During World War I, the expansion of aerial bombardment made it difficult to determine the effects of attacks on distant targets, leading to the development of early battle damage assessment practices. Initial methods included debriefing aircrews and limited photo review, but by World War II, photographic reconnaissance had become widely used to evaluate the results of air operations.

In some cases, BDA has come from information inadvertently released by the enemy. In World War II, United Press International transmitted a report on the damage caused by the Japanese attack on Pearl Harbor, including details on the number of damaged warships and shore installations.
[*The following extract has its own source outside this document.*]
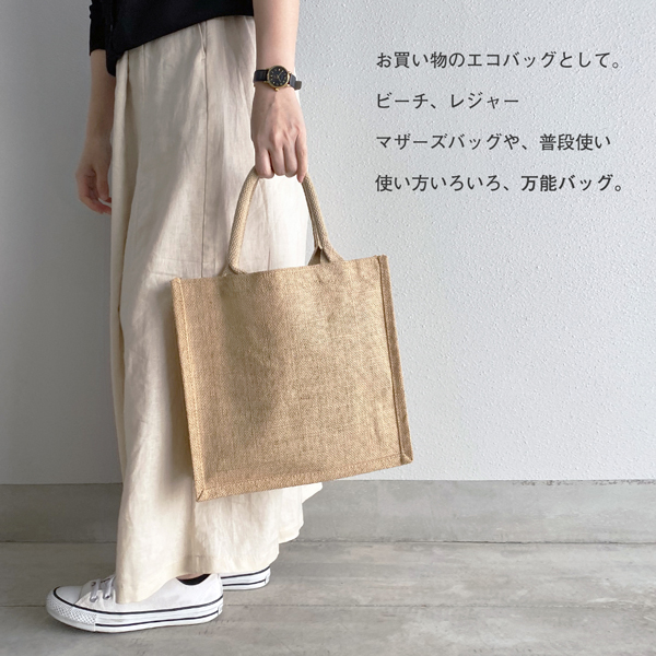 ジュートバッグ エコバッグ ジュート スクエア ナチュラル トートバッグ かごバッグ ハンドバッグ ママバッグ 買い物 バッグ レディース 人気 夏 BAG レジャー ショッピングバッグ レディースバッグ ビーチ 夏 バック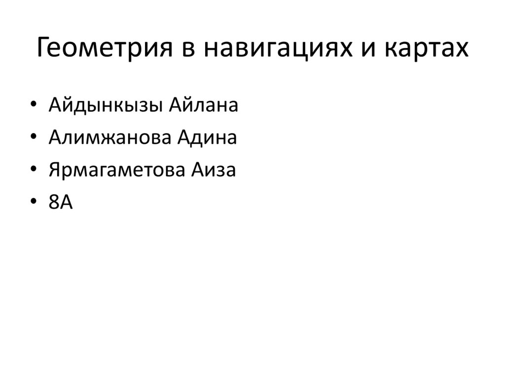 Геометрия в навигациях и картах• Айдынкызы Айлана

During the Vietnam War, U.S. ground forces and reconnaissance elements conducted on-the-ground assessments in operational areas where U.S. forces were present to evaluate the effects of air operations.

BDA was used during both the Gulf War and Iraq War. In the opening days of the air campaign of the Gulf War, it was used to assess the damage to key Iraqi installations including its nuclear reactors. At the conclusion of the 2003 invasion of Iraq, a joint team from the allied nations (including Britain, the United States and Australia) assessed the damage caused to almost 400 sites across the country to determine the effectiveness of weapon strikes.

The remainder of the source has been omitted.